The utility model also provides a method for purifying m-dichlorobenzene in mixed dichlorobenzene, which comprises the following steps: the system for purifying m-dichlorobenzene in the mixed dichlorobenzene is adopted, the mixed dichlorobenzene is fed from a feed inlet of a meta-position tower A, and the purified m-dichlorobenzene is produced from a meta-position extraction outlet; the mixed dichlorobenzenes comprise m-dichlorobenzene, p-dichlorobenzene and o-dichlorobenzene, the pressure drop of the meta-column A is not more than 30mbar, and the pressure drop of the meta-column B is not more than 30mbar.
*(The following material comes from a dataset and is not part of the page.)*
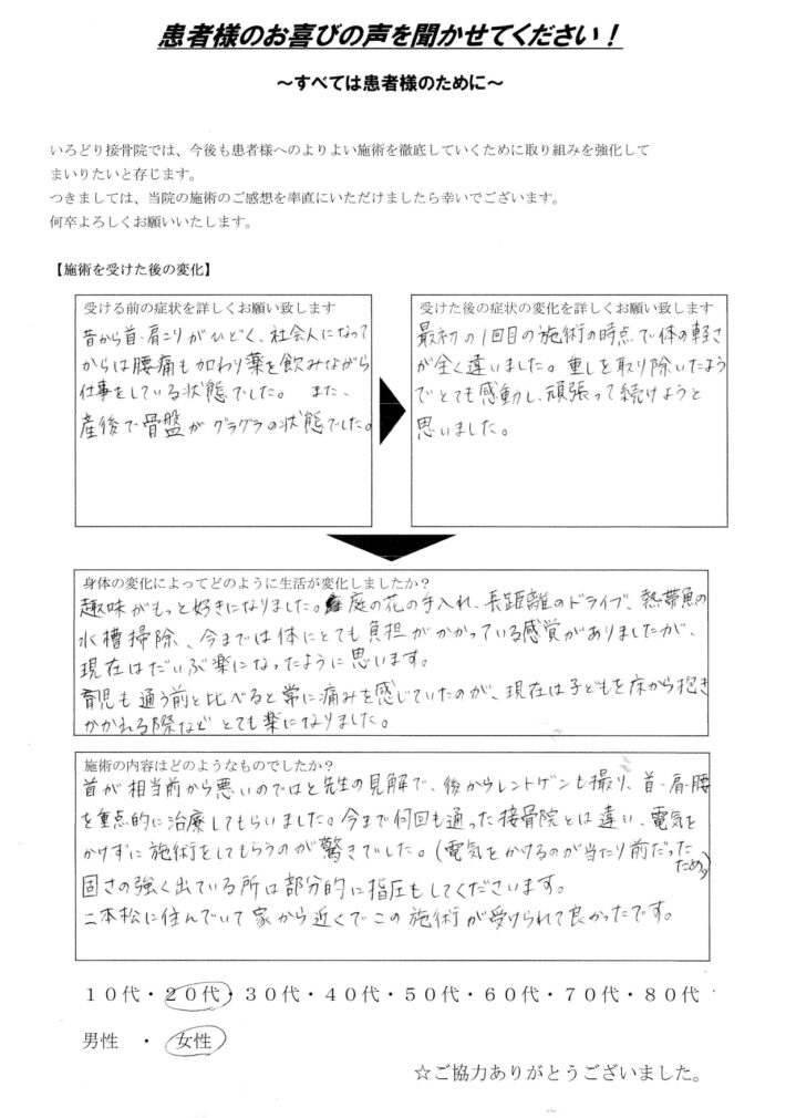 昔から首・肩こりがひどく、社会人になってからは腰痛も加わり薬を飲みながら仕事をしている状態でした。また、産後で骨盤がグラグラの状態でした。

In the present utility model, the mass percentage of the m-dichlorobenzene in the mixed dichlorobenzene is preferably not less than 45%, more preferably 48%.
In the present utility model, the mass percentage of the paradichlorobenzene in the mixed dichlorobenzene is preferably not more than 25%, for example, 24%.
In the present utility model, the mass percent of the o-dichlorobenzene in the mixed dichlorobenzene may be conventional in the art, preferably not higher than 25%, for example 20%.
In the present utility model, the feeding temperature of the meta-column A is preferably 139.9℃to 145℃and more preferably 139.9 ℃.
In the present utility model, the overhead reflux temperature of meta-column a may be conventional in the art, preferably 50 ℃.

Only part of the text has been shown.